Monday, February 18, 2008

NHOR : After the release of 'Oh! Pleasant Hope' in 1971, that was pretty much it for the band until the release of 'The Beast Is Back' in 1984. What were the reasons behind you dropping out of the music business for so long during that time, and what inspired you to come back at that time?

DP : Well, #1, we were tired. We were really tired. We didn't stop playing. Each one of us went and played other places and did other things. Then Paul and I got back together in '84. We just wanted to play together again

NHOR : That album was definitely more of a heavy metal album. How do you feel that album holds up today?

DP : I think it's too quick, too fast, and it was a case of someone trying to turn us into a heavy metal band. But I think it's a good album.

NHOR : Your cover of "Summertime Blues" went to #11 on the Billboard Singles Chart in 1968, and during that time the band appeared on both 'The Steve Allen Show' and 'American Bandstand'. What was it like for you playing those shows?

DP : Both of them were very strange, because we were counterculture. 'American Bandstand'... Dick Clark didn't like us, but we didn't like him either. 'The Steve Allen Show', we only saw him for just a minute. You do a tv show, and normally you just set up, it's business. How did we like it though? Doing tv is strange, so I don't even know if "like" even applies. It's just a strange trip doing tv. We were glad when it was over.
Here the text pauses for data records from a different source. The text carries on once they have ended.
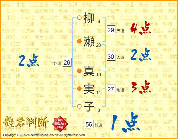 柳(9画)瀬(20画) 真(10画)実(14画)子(3画)
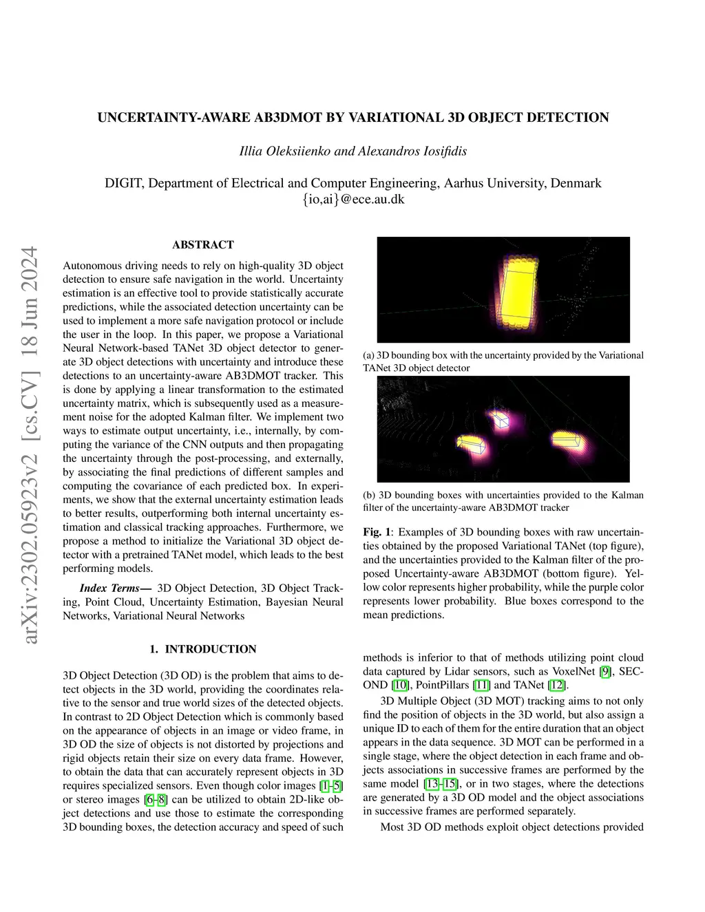 Autonomous driving needs to rely on high-quality 3D object detection to ensure safe navigation in the world. Uncertainty estimation is an effective tool to provide statistically accurate predictions, while the associated detection uncertainty can be used to implement a more safe navigation protocol or include the user in the loop. In this paper, we propose a Variational Neural Network-based TANet 3D object detector to generate 3D object detections with uncertainty and introduce these detections to an uncertainty-aware AB3DMOT tracker. This is done by applying a linear transformation to the estimated uncertainty matrix, which is subsequently used as a measurement noise for the adopted Kalman filter. We implement two ways to estimate output uncertainty, i.e., internally, by computing the variance of the CNN outputs and then propagating the uncertainty through the post-processing, and externally, by associating the final predictions of different samples and computing the covariance of each predicted box. In experiments, we show that the external uncertainty estimation leads to better results, outperforming both internal uncertainty estimation and classical tracking approaches. Furthermore, we propose a method to initialize the Variational 3D object detector with a pretrained TANet model, which leads to the best performing models.
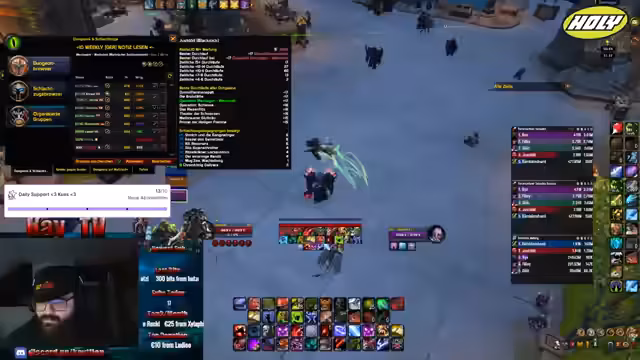 03:31:18Der Streamer sammelt aktiv Ideen für einen Schlachtzug von der Community. Er sucht gezielt nach Spielern, besonders einem Tank und weiteren Schadensverursachern für einen 10er-Schlachtzug in Motherloch. Er betont, dass das Spielen in der Community tausendmal besser ist als mit zufälligen Spielern und bietet an, seine Werkstatt für den Schlachtzug bereitzustellen. Es gibt einen Wettbewerb, wer die meisten Ideen beisteuert, wobei der Gewinner unterstützt wird.
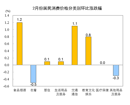 2月份,全國居民消費價格環比上漲0.6%。其中,城市上漲0.6%,農村上漲0.4%;食品價格上漲1.6%,非食品價格上漲0.4%;消費品價格上漲0.7%,服務價格上漲0.4%。

NHOR : It has been 40 years now, and many of your contemporaries, such as Hendrix, Janis Joplin, Jim Morrison, etc. have long since passed, what do you attribute being around to still while many have gone to that great gig in the sky?
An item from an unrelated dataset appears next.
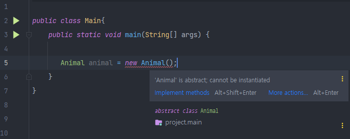 - 상속받는 클래스 없이 그 자체로 인스턴스를 생성할 수 없는 클래스
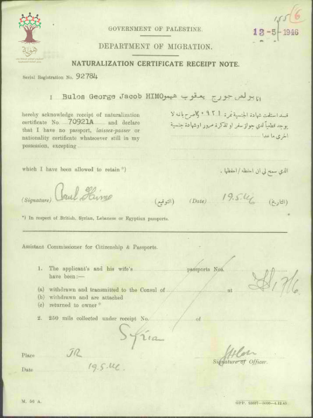 إيصال موقع من بولص جورج هيمو باستلام شهادة الجنسية الفلسطينية

DP : Luck. I don't know why. That's what I was talking about in the song "Young Lions". I don't know why we survived, but I'm glad we did.

NHOR : Speaking of Janis, I've read where she pissed you off, and you didn't get along too well. Was that the case?

DP : We got along. She was a lover of Paul's, and I used to get angry at her for taking up Paul's time, but we got along. She used to encourage me to sing and all kinds of stuff. We used to argue too. But we as a band have been together forty years. I argue with my wife, my band mates. I argue with my friends sometimes. Yeah, we argued, but we were friends.

NHOR : What was she like as a person?

DP : Well, I didn't get that close to her. What she was like as a person was quite demanding. And pretty wild. I didn't really hang out with her many other places besides a show.

NHOR : Blue Cheer also has an association with The Doors, is that right?

DP : The first time I went to go hear The Doors at The Avalon ballroom, they were just a band from L.A. that I was going to check out. And they came onstage, started their first song, and they had no bass player. I just turned around and walked out. I'm a bass player, and to me, at 19 years old, that was the most insulting thing in the world. Later on Jim Morrison called us his favorite band, and used to come to our gigs in L.A. There was a bit of socializing going on too, none of it positive. (Laughs) Ultimately it wasn't too positive for Jim though I guess. And the rest of us lost a really great poet.

NHOR : As you have been doing this for 40 years now...what keeps you going?

DP : Well, there's my love for rock & roll, which is undying. And, the simple fact that it's the only thing that I know how to do. I don't foresee ever not doing this. If I die at the microphone with my Hamer in my hands, I'll be happy.